Image author's own
Feminist groups and (some) local residents are keen for the reclassification in the hope that it will make clear what is on offer in these venues and, due to the financial demands of the licence, perhaps discourage them from continuing. It's precisely that classification that Equity opposes and at the Trades Union Congress in September, the performers' union will call for support in urging the government to stop enforcing reclassification.
Equity's argument, laid out with slightly more coherence and fewer personal insults than Stringy managed, is that audiences will expect sexual encounters at a sexual encounter establishment, therefore putting at risk performers who are just doing a bit of saucy striptease in a variety show.

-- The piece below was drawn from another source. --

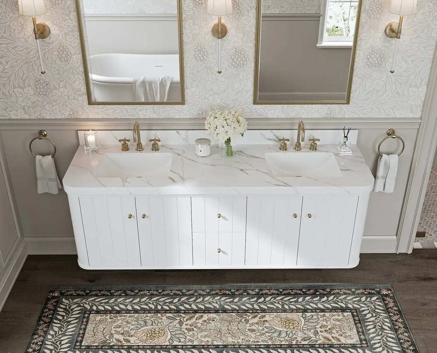 Premium countertop options – quartz or marble surfaces with eased, rounded edges that mirror the vanity’s gentle curves.

That opposition to reclassification is fair to burlesque - burlesque is a variety of acts, not just sexy stripping all night (if that's the burlesque you're watching, you're watching people who have got it wrong...) But... isn't a lady sliding up and down a pole provocatively an obviously sexual encounter? Isn't a sexual encounter the point of having a lap dance? How did we go on for so long without realising pole dancing and lap dancing clubs were not automatically sexual encounters?
This broad lumping together of three quite distinct styles with three distinct aims is opposed within Equity itself, so the union's campaign, like the broader issue, may twirl around and around inconclusively like nipple tassels on a burlesque dancer, who may or may not be doling out a sexual encounter.